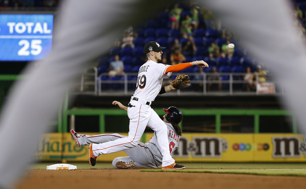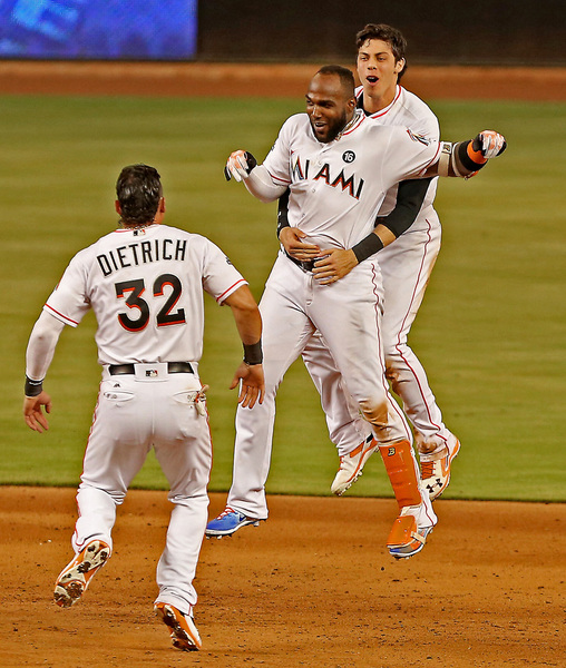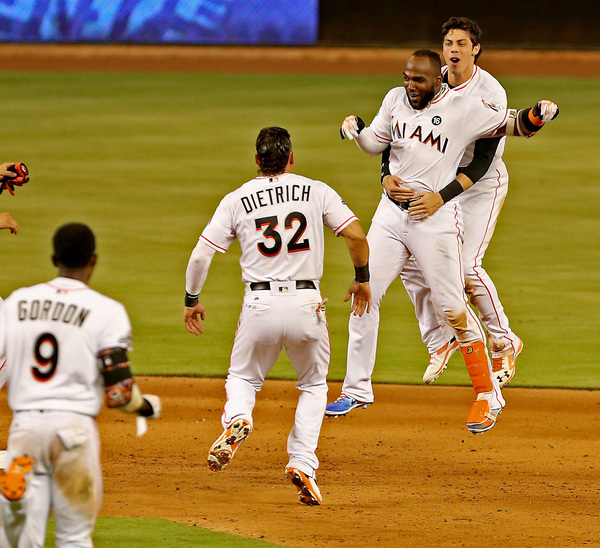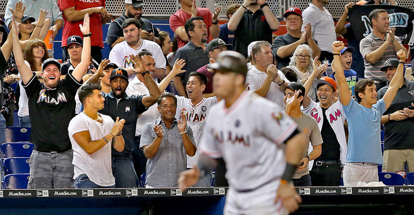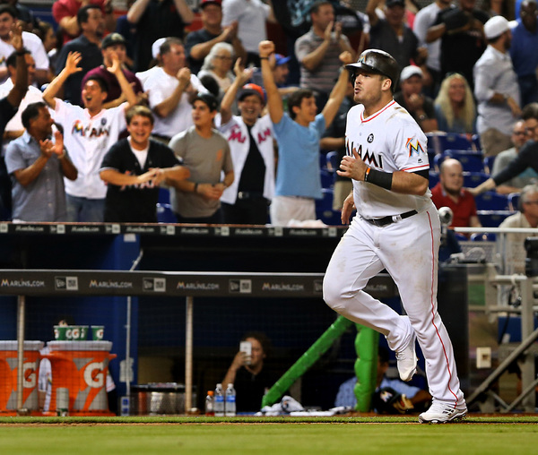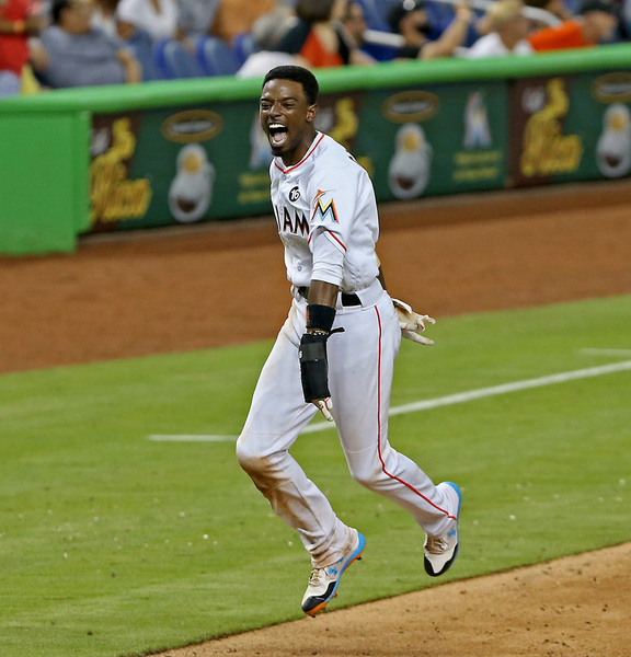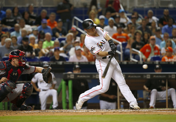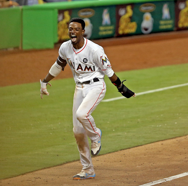 The game-winning hit gave the Marlins their first lead of the day. They had tied previously the game twice, with six innings in the third (four on Justin Bour's grand slam) and one in the seventh (on Giancarlo Stanton's solo shot).
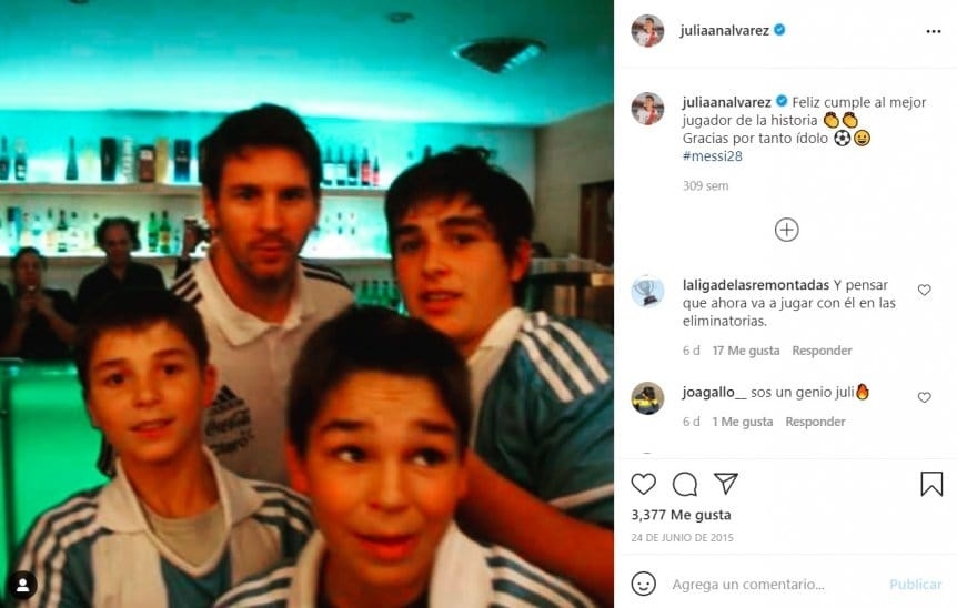 Una de las fotos que más se ha viralizado en las redes sociales en los últimos dos años acerca de la Selección Argentina es sin dudas esa de Julián Álvarez de chiquito junto a sus hermanos con Lionel Messi, donde el Araña le deseó feliz cumple "al mejor jugador de la historia", probablemente sin siquiera imaginar que unos años más tarde estaría ganando un Mundial junto a Leo y la Selección Argentina.
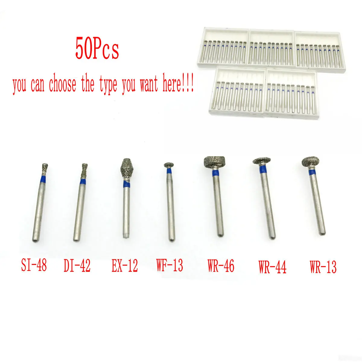 Dental Diamond Burs Inverted Cone with Collar Type dental high speed handpiece burs 50pcs Wheel/Barrel Type SI48/EX12/WR46/WR13
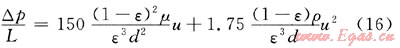 計算顆粒床層阻力采用經(jīng)典Ergun方程:
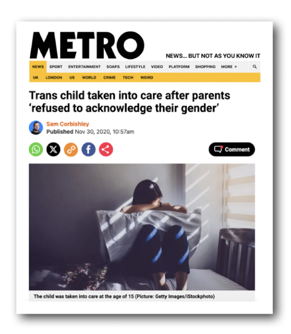 And if the fantasy is not indulged at home and the wrong tongues tell tattle tales, they may even find their trans-identified child removed from the family home and put in care.
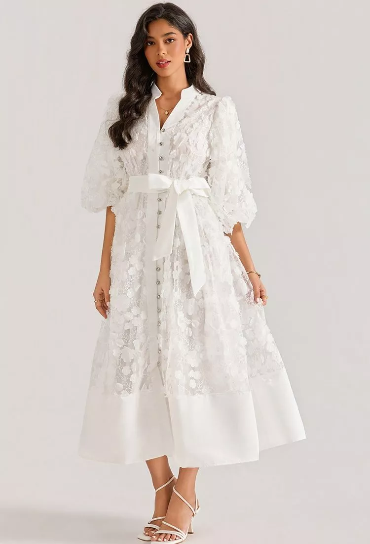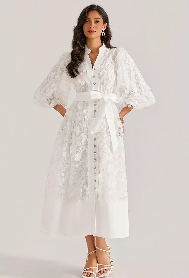Abito Lungo Elegante In Pizzo Con Maniche Ampie Cintura Cerimonia Bianco CF64873
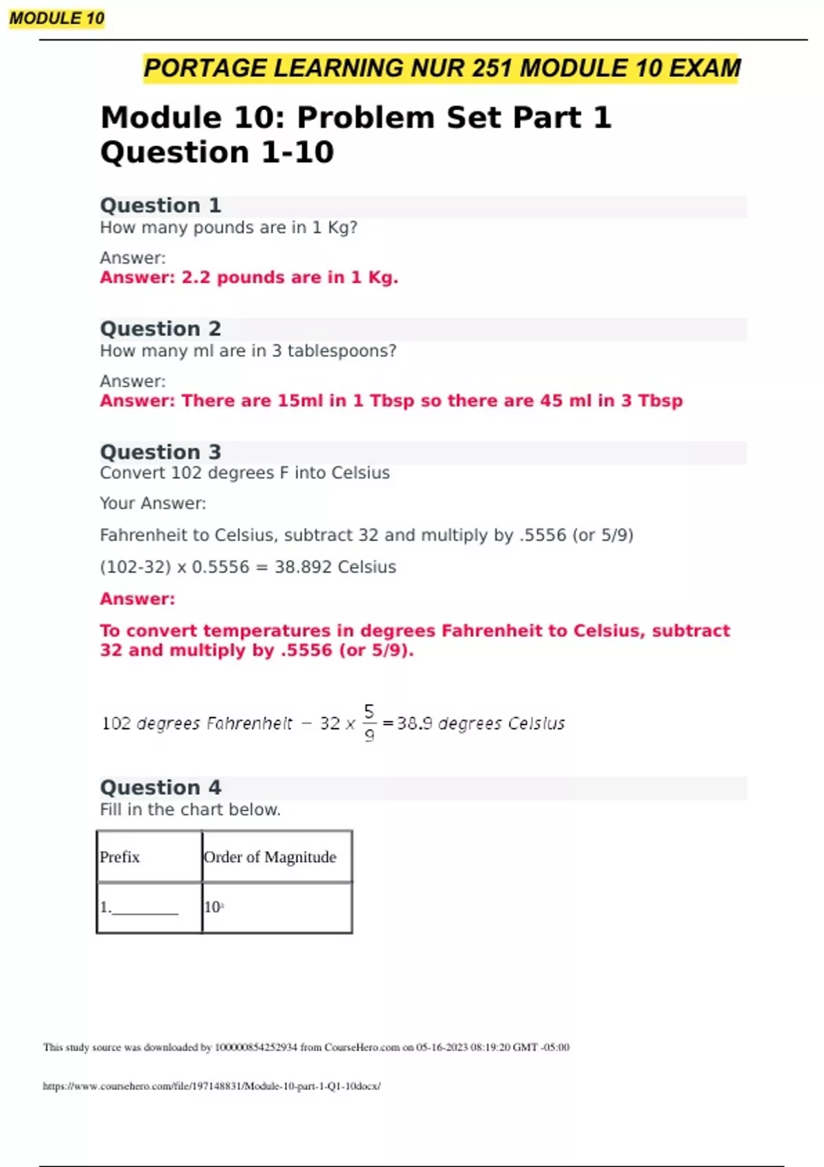 pharmacology nurs 251 module 10 exam
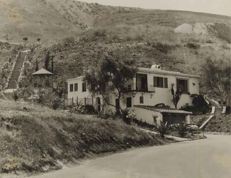 Palos Verdes Estates includes a network of pathways as shown here climbing up the Somonte Canyon. Courtesy of Palos Verdes Homes Association Photograph Collection. {Vegetation - Circulation - Structure - Building} [PVLD:3660 (000018671)]
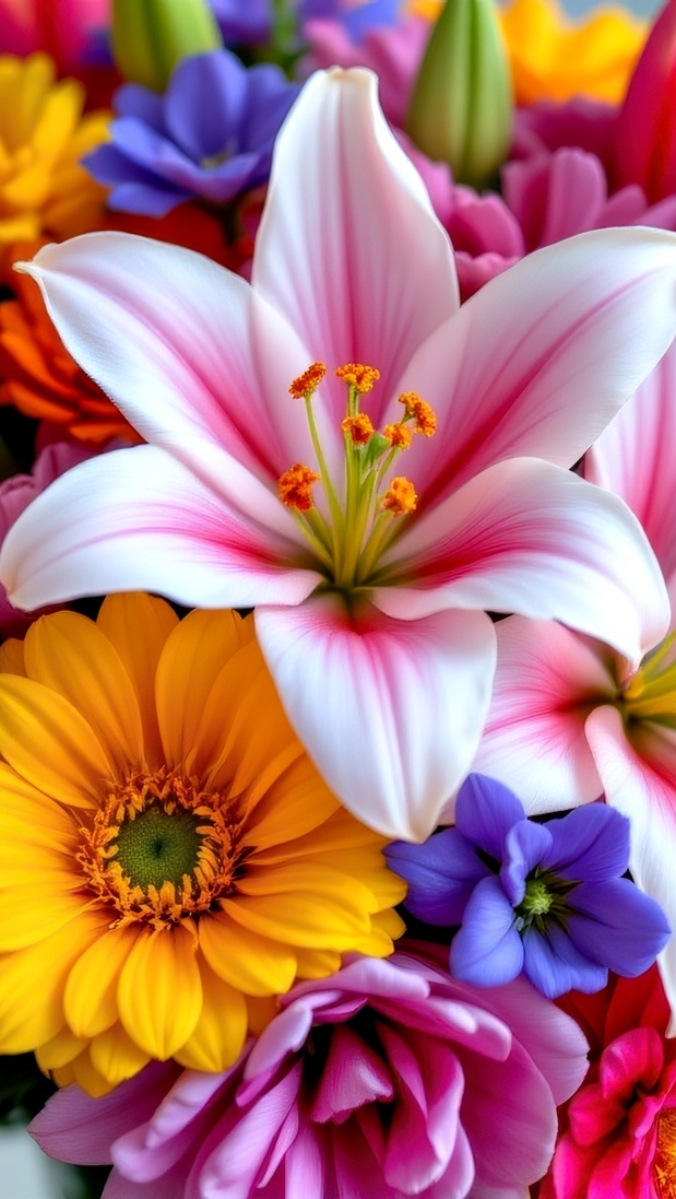 Edytor tapety: Rozkwitnięta lilia wśród kolorowych kwiatów
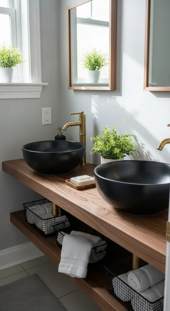 Elegance meets functionality when you pair sleek black vessel sinks with minimalist floating shelves to create a stunning focal point in your half bathroom. This creative sink placement maximizes floor space while providing modern sophistication that breaks traditional design rules.
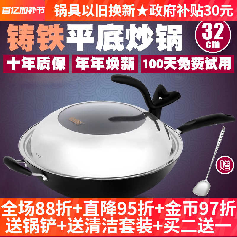 章丘苏美冠不粘锅老式铁锅官方旗舰炒菜锅炒锅家用无烟无涂层圆底

---------------

• Problem details: Each line from the one that contains "And if the fantasy" to the end of the listing must be quoted exactly; no other line and no picture belongs in the copy.

• Answer space:
 And if the fantasy is not indulged at home and the wrong tongues tell tattle tales, they may even find their trans-identified child removed from the family home and put in care.
Abito Lungo Elegante In Pizzo Con Maniche Ampie Cintura Cerimonia Bianco CF64873
 pharmacology nurs 251 module 10 exam
 Palos Verdes Estates includes a network of pathways as shown here climbing up the Somonte Canyon. Courtesy of Palos Verdes Homes Association Photograph Collection. {Vegetation - Circulation - Structure - Building} [PVLD:3660 (000018671)]
 Edytor tapety: Rozkwitnięta lilia wśród kolorowych kwiatów
 Elegance meets functionality when you pair sleek black vessel sinks with minimalist floating shelves to create a stunning focal point in your half bathroom. This creative sink placement maximizes floor space while providing modern sophistication that breaks traditional design rules.
 章丘苏美冠不粘锅老式铁锅官方旗舰炒菜锅炒锅家用无烟无涂层圆底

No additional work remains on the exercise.